Root Cause Analysis:
Why is no audit log review performed?
- Because audit logs are collected in AWS database (CloudWatch, CloudTrail, RDS logs, etc.) but Legit Health does not have established process or schedule for reviewing them
Why is there no review process?
- Because no SOP defines audit log review requirements - GP-030 (Incident Response/NIS2) addresses incident RESPONSE but not proactive log MONITORING
Why doesn't an SOP define log review?
- Because when AWS infrastructure was implemented, focus was on log COLLECTION (for regulatory compliance and incident investigation capability), not on PROACTIVE REVIEW for security event detection
Why was proactive review not implemented?

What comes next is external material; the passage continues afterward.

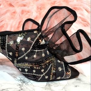 *Black Mesh with sequins and metallic gold/silver embroidery detail
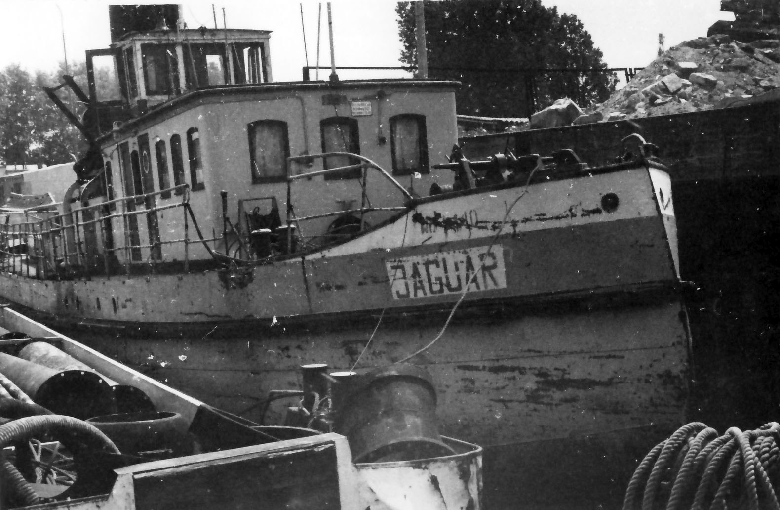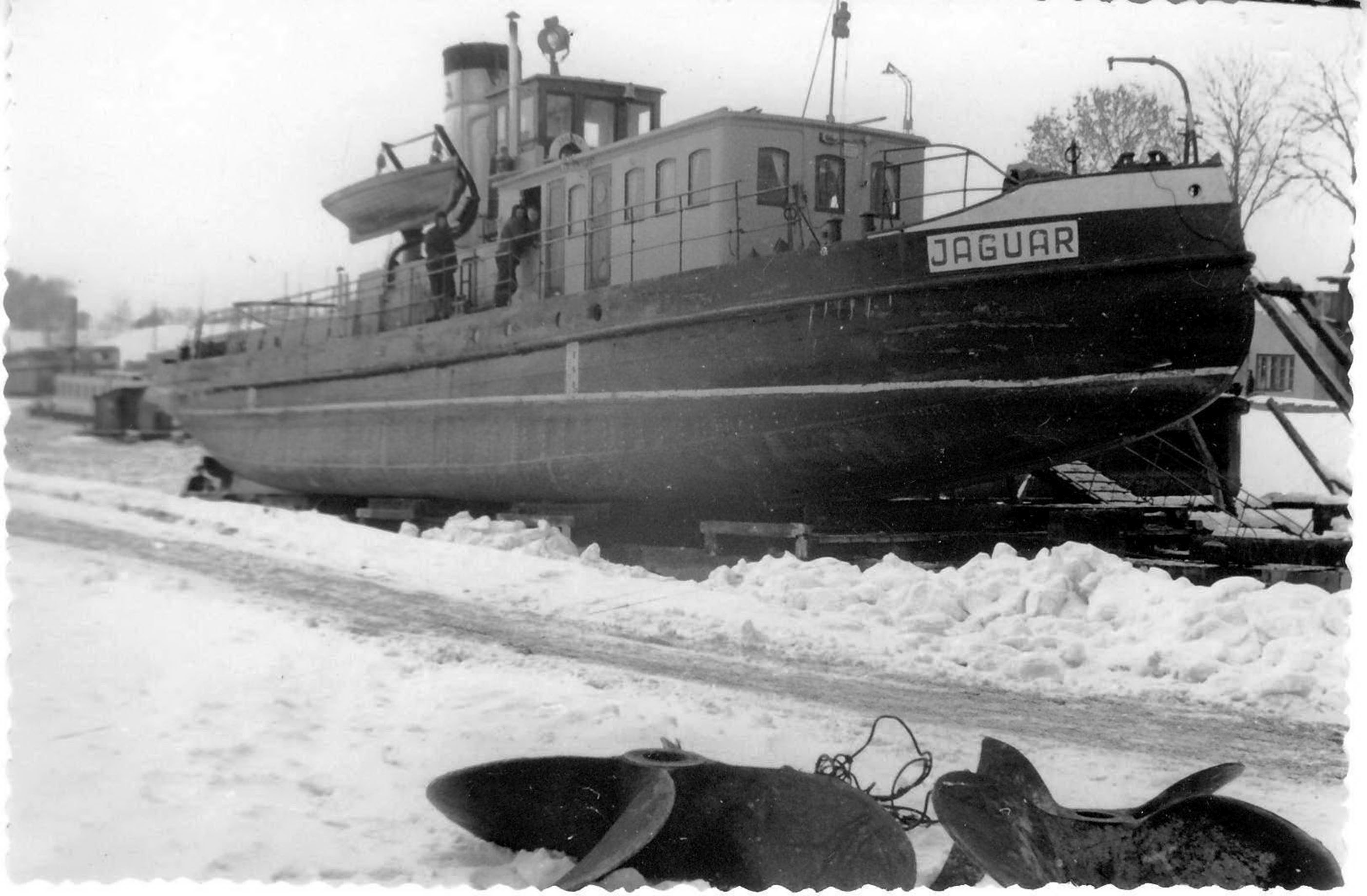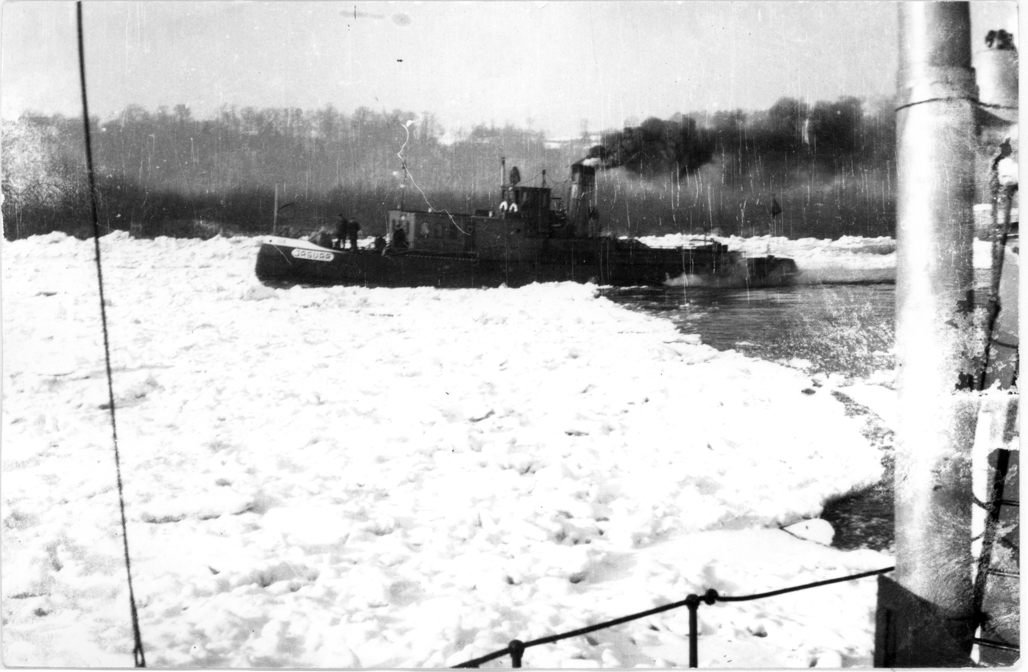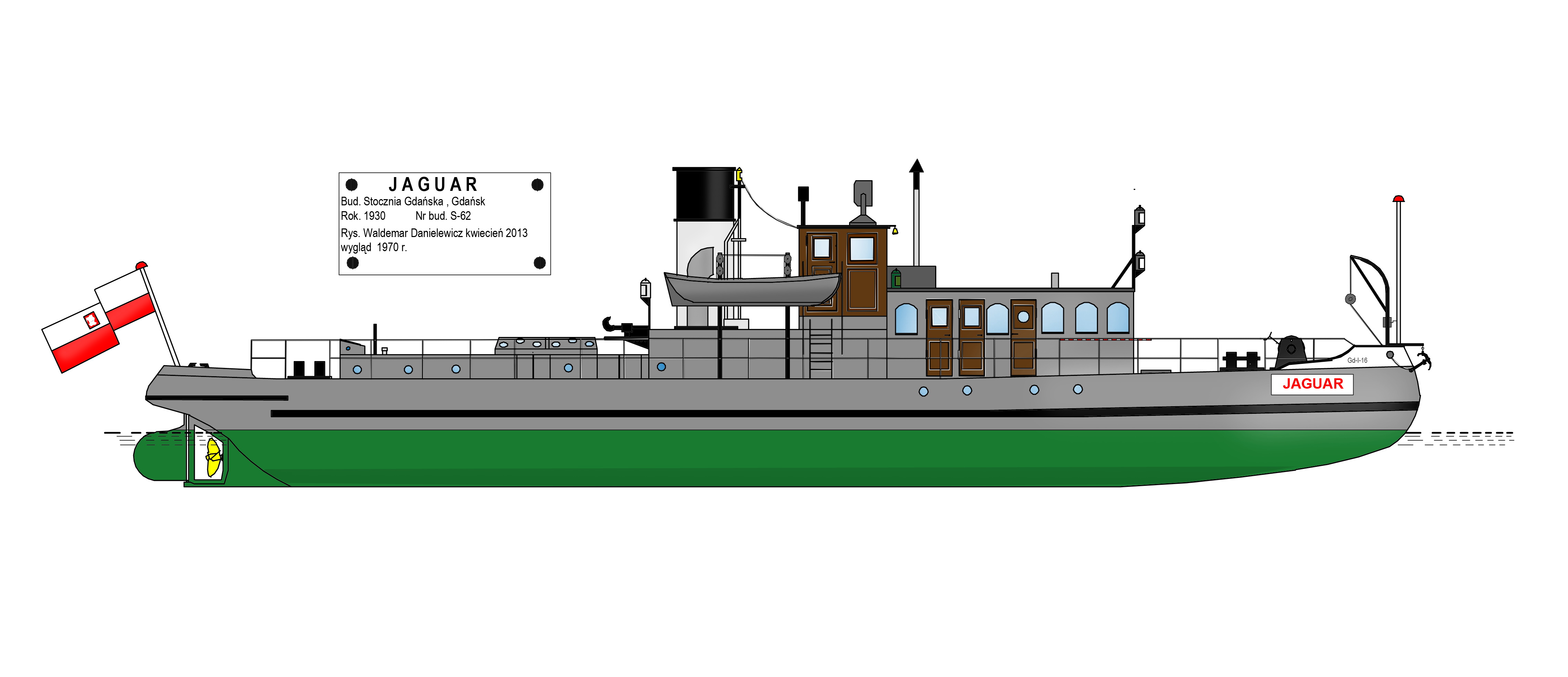 Zbudowany jako lodołamacz czołowy na zamówienie Dyrekcji Dróg Wodnych w Toruniu. Nazwany „GABRJEL NARUTOWICZ”. Stacjonował w Tczewie, początkowo znajdował się w gestii Zarządu Dróg Wodnych, a od 1933 r. należał do Państwowego Zarządu Wodnego w Tczewie. We wrześniu 1939 roku po zajęciu Tczewa przez Niemców dostał się w ich ręce. Przemianowany na „NAREW” i 23 października 1939 r. przydzielony do Wasserbauamt, Einlage [dz. Gdańsk-Przegalina]. W kwietniu 1941 roku zmienił nazwę na „JAGUAR”. W 1942 roku przebudowany. W marcu 1945 roku odpłynął z niemieckimi uciekinierami z Gdańska do Hamburga. Po zakończeniu działań wojennych przejęty przez brytyjskie Ministry of War Transport. W marcu 1947 roku zwrócony Polsce i przejęty przez Polską Misję Morską. Sprowadzony śródlądziem do Szczecina w lipcu 1947 roku, a potem do Gdańska, gdzie przeszedł remont w ówczesnej Stoczni Nr 1 w Gdańsku. Do ruchu wszedł w 1948 roku pod niezmienioną nazwą „JAGUAR”. Portem macierzystym statku został Tczew. 17 stycznia 1950 roku podczas obrony mostów w Tczewie przed zatorem osiadł na mieliźnie „JAGUAR”, a zaraz za nim „PANTERA”. Na pomoc mimo niebezpieczeństwa, bo ruszyła się pokrywa lodowa ruszył lodołamacz „KUNA”, któremu udało się ściągnąć „JAGUARA”, po czym obydwie jednostki walczyły o uwolnienie „PANTERY”, co w końcu się udało i trzy lodołamacze odeszły do Knypawy. Sytuacja powtarza się 27 stycznia, kiedy to „KUNA” ponownie ratuje z opresji „JAGUARA” i „TYGRYSA”, uwalniając je z zatoru lodowego na 856 km rz. Wisły. W tym okresie kapitanem statku był Antoni Muntowski, a sternikiem Zygfryd Wesołowski. Po likwidacji P.Z.W. [1949] i D.O.D.W. [1951] „JAGUAR” podlegał pod Rejon Dróg Wodnych w Tczewie. W 1960 roku lodołamacz przekazany został do Rejonu Dróg Wodnych w Szczecinie, gdzie gdzie pracował do 1964 roku, po czym powrócił do Okręgowego Zarządu Wodnego w Tczewie. Decyzją Centralnego Zarządu Dróg Wodnych „JAGUAR” w 1971 roku trafił do Okręgowego Zarządu Wodnego w Płocku, a dwa lata później do Przedsiębiorstwa Budownictwa Wodnego w Warszawie Oddział w Płocku. W 1975 roku wycofany z ruchu i przeznaczony na wytwórnię pary. W 1981 roku odstawiony w Płocku na terenie P.B.W. W 1984 roku wrak przeholowano do Warszawy, gdzie stał w porcie żerańskim. Mimo prób ratowania go przed palnikami został złomowany w 1988 r. © Opracował Waldemar Danielewicz – 09.02,2011 |

- Because ISO 13485 and MDR require audit trail capability and data integrity controls, but do not explicitly mandate periodic review schedules - so logs were collected "for when needed" but not monitored routinely
Root Cause: No documented process or assigned responsibility for periodic review of audit logs collected in AWS. While logs are available for incident investigation (reactive), no proactive monitoring occurs to detect security events, unauthorized access, or anomalies before they cause incidents.
Corrective Actions:
| Action ID | Action Description | Responsible Person | Target Date |
|---|---|---|---|
| 8.CA.1 | Immediate retrospective log review: Assign IT Security Manager to perform one-time review of past 6 months of audit logs; Scope: AWS CloudTrail (unusual API calls, privilege escalations, failed auth), Application logs (error spikes, unusual access), Database logs RDS (failed queries, unauthorized access), Network logs; Document findings in "R-030-XXX Retrospective Audit Log Review Jan-Nov 2025"; If security events found: assess impact and implement per GP-030; If no issues: document as "No security events detected" | IT Security Manager / System Administrator | 2026-03-20 |
| 8.CA.2 | Present findings to JD-001 (CEO) and JD-005 (Regulatory/Quality) for review | IT Security Manager | 2026-03-25 |
Preventive Actions:
| Action ID | Action Description | Responsible Person | Target Date |
|---|---|---|---|
| 8.PA.1 | Update GP-030 (Incident Response/NIS2) to add "Audit Log Monitoring and Review Process": Responsible person, monthly review frequency, scope of review (CloudTrail, app logs, DB logs, security alerts), review process steps, documentation requirements, 5 years retention | Quality Manager + IT Security Manager | 2026-03-25 |
| 8.PA.2 | Create T-030-XXX "Monthly Audit Log Review Record" template: Review date/reviewer, period reviewed, logs reviewed, summary, findings (or "No security events detected"), actions taken, reviewer signature; Store in GP-030 Log-Reviews folder | Quality Manager | 2026-03-25 |
| 8.PA.3 | Evaluate and implement automated log monitoring tools: AWS GuardDuty, CloudWatch alarms, Security Hub; Start with basic CloudWatch alarms for critical events; Configure email/Slack alerts to IT Security Manager; Document configuration and thresholds | IT Security Manager | 2026-03-15 |
| 8.PA.4 | Add IT Security Manager or System Administrator to organizational roles if not already defined (update job descriptions) | Quality Manager | 2026-03-25 |
| 8.PA.5 | Train designated person(s) on log review process and tools | Quality Manager | 2026-03-15 |
| 8.PA.6 | Set monthly calendar reminder for log review | IT Security Manager | 2026-03-25 |
| 8.PA.7 | Add "Audit Log Review Completion Rate" to quality indicators: target 100% of months have completed review | Quality Manager | 2026-03-25 |
Verification Method:
Corrective Action Effectiveness:
- Immediate verification (2026-03-25): R-030-XXX Retrospective Review document completed, findings presented to management
- Evidence: Retrospective review report with documented findings or "no issues detected"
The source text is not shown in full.